Путейцы, работавшие день через два-три, взяли в аренду довольно большой участок земли и выращивали арбузы и дыни. Под лесополосой поставили палатки, а на случай дождя - пригнали вагончик. Словом, устроились хорошо. И угостили нас щедро. Но речь не об этом.
Мы с Тимоном спать улеглись под открытым небом - на копне сена. Лежали навзничь, смотрели на ясные звезды и вдыхали пьянящие запахи разнотравья. Вспомнили детство, утраченные навсегда сельские вечера, веселые девичьи песни. Не хотелось, чтобы сейчас сон своей густой пеленой прикрыл эту красоту.

   И тут заговорил мой друг.
- Виля, это печальная страница из жизни нашей семьи. О ней помалкивали, не то я в университет не поступил бы и из комсомола вытурили бы.
Мои предки, как и другие односельчане, были переселенцами с Полтавщины, из Кобелякской округи. А потому и назвали свое сельцо Полтавкой. Им не повезло в том плане, что землю выделили вдоль лимана - песчанистую и малоплодородную. Очень тяжело и много трудились на ней, но все равно урожаи были нестабильные и слабенькие. Чтобы сводить концы с концами, одни рыбачили, другие нанимались в соседних селах пасти скот, а некоторые уходили в Херсон разгружать суда.

   У брата моей матери дяди Святослава, которого родные называли Славко, были золотые руки.
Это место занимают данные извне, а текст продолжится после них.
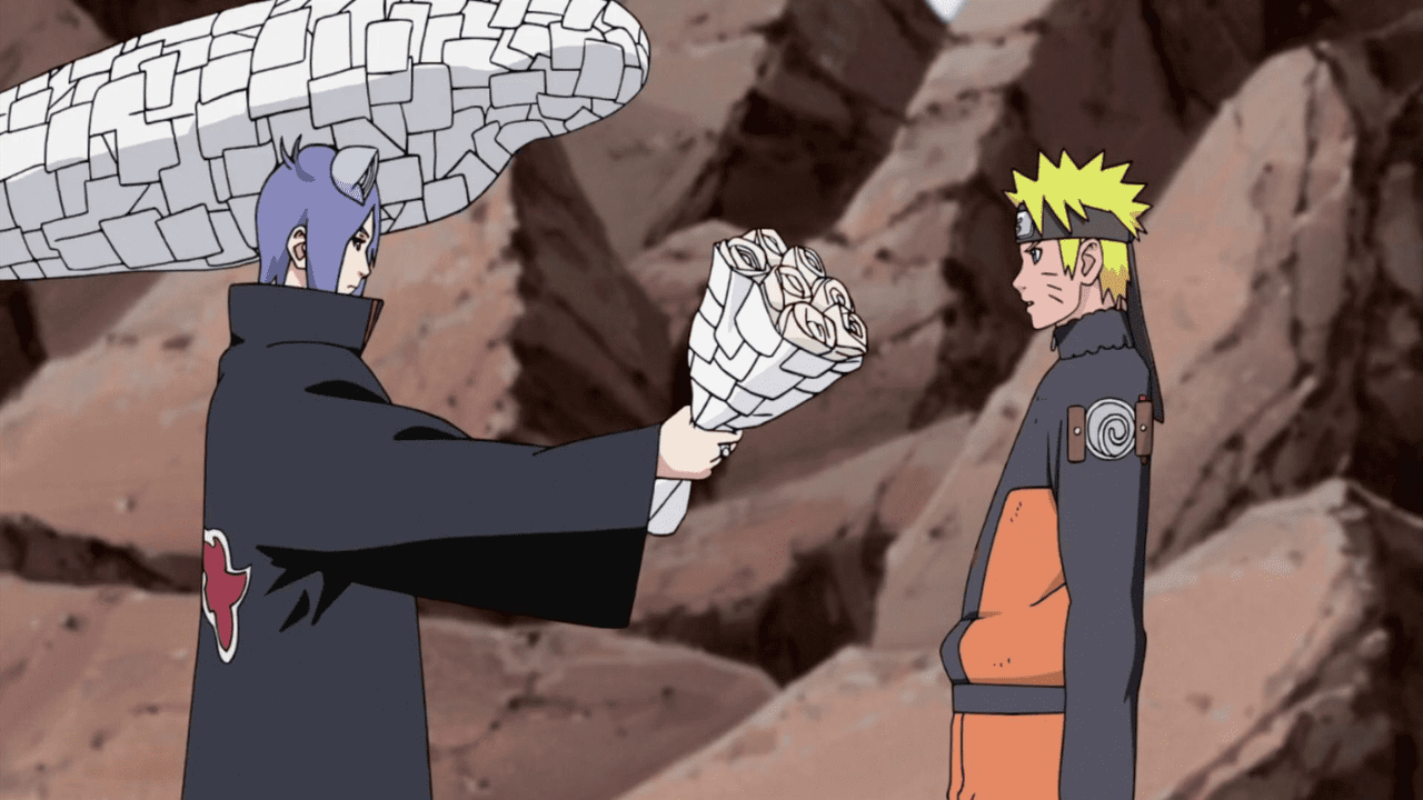 این قسمت یکی از احساسی و بهترین سکانس های انیمه ناروتو را به وجود میآورد. پس از پیروزی ناروتو، اعضای دهکده کونوها گرد او جمع میشوند و همزمان با جشن پیروزی خود، ناروتو را قهرمان مهربان دهکده برگ خطاب میکنند. در حالی که کونان (Konan) دوست صمیمی پین بود، مجذوب شخصیت ناروتو شده و به او تبریک میگوید، که این موضوع سکانس ناراحت کنند و در عین حال زیبایی را به وجود میآورد.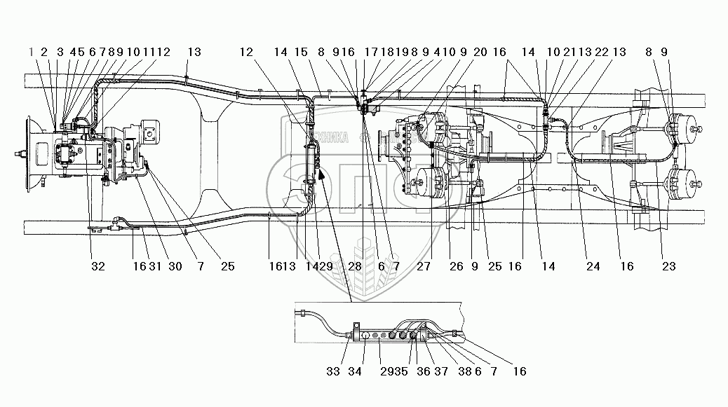 Каталог запасных частей к технике: УралАЗ УРАЛ-63685. Установка пневмоуправления агрегатами трансмиссии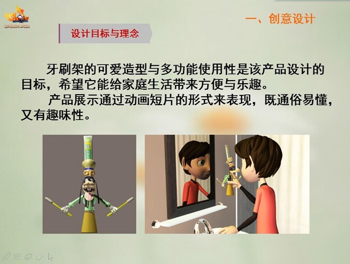 我院藝術設計係“漫(màn)人堂—葫蘆娃來戰小哪吒團隊”選手葛凱、董旭然的獲獎作品“多功能牙刷架(jià)產品設計製作與動畫展示”,是在王棟臣、韓明老師的精心指導下,曆時9個月,利用課餘時間進行市場調研、設計草圖、設計方案,製作三維模型、文字台本(běn)、角色、場景設計、分鏡(jìng)頭繪製、三維動畫製作等各環節的有序推進,以江蘇賽區特等獎的好成(chéng)績進入本次(cì)全國總決賽。決賽現場,我院是江蘇省參賽院(yuàn)校在數字表現方(fāng)向的唯一勝出者,選手作品與現場(chǎng)表現高度吻合本屆大賽“互聯網+中國製造2025—眾創、眾包、眾扶、眾籌”的主題,充分展現出我院第二課堂的建設成果、學生跨專業學習(xí)能(néng)力及創新、創造能力,受到了評(píng)委專家與(yǔ)大眾的高度讚譽。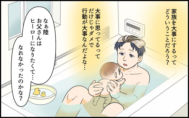 「まずは家族のヒーローに」本当の意味で家族を大事にしていくには<ヒーローになりたい夫 10話>【うちのダメ夫 まんが】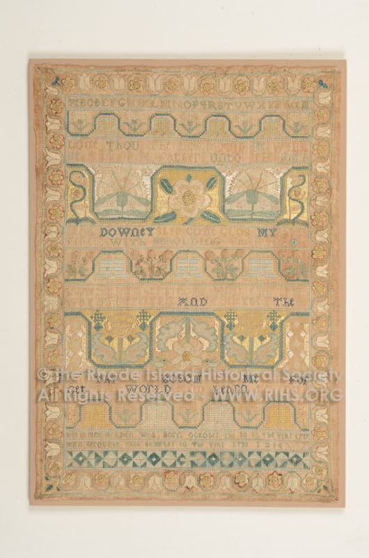 - LOVE THOU ThE LORD AND HE WILL / BE A TENDER FATHER UNTO THE / SLEP DOWNEY SLEP COME CLOSE MY EYES / TIRED WITH BEHOLDING VANITIES / SWEET SLUMBERS COME AND CHASE A / WAY THE TOYLS AND FOLYS OF THE DAY / ON THY SOFT BOSOM LET ME LIE FOR / GET THE WORLD AND LEARN TO DIE. / KATHARINE HOLDEN WAS BORN OCTOBER THE 30 IN THE YEAR 1717 / AND WROUGHT THIS SAMPLER IN THE YEAR 1733

Он никогда не сидел без дела, всегда что-то строгал, точил, клепал. Никогда никому не отказывал: мог отбить косу, наточить серп, отремонтировать плуг, подковать коня. Все жили в землянках-мазанках, а он еще парнем начал возводить глинобитные стены своего дома и первый и единственный в селе покрыл его железом.
Зерна собирали немного, поэтому каждый себе молол на жерновах. Если уж очень повезет с урожаем, то спрягались по нескольку хозяев и везли пшеницу или рожь за двадцать верст на мельницу. Дядя и тут решил помочь людям.

   Между его огородом и лиманом был приметный холмик, - наверно, намыло когда-то. Со временем дюна заросла бурьяном. Ходил, примерялся, присматривался и надумал поставить здесь ветряную мельничку. Приволок откуда-то две гранитные глыбы и сам вытесал мельничные камни. Когда замахали крылья и посыпалась тепленькая мука, батюшка отслужил молебен.
Сельчане были бесконечно благодарны за то, что наконец они могут иметь настоящую муку - для хлеба, блинов и вареников, которые не расползались.

   Так себе и жили бы люди, - не очень богато, но в мире и согласии. Если бы не...
По селам разнеслась тревожная весть: комиссары людей сгоняют в какие-то гурты, отнимая скот, телеги, инвентарь и остальное имущество. Шло время, а в Полтавку никто не наведывался. Очевидно, большевистское начальство решило: село такое нищее, что и забирать здесь нечего.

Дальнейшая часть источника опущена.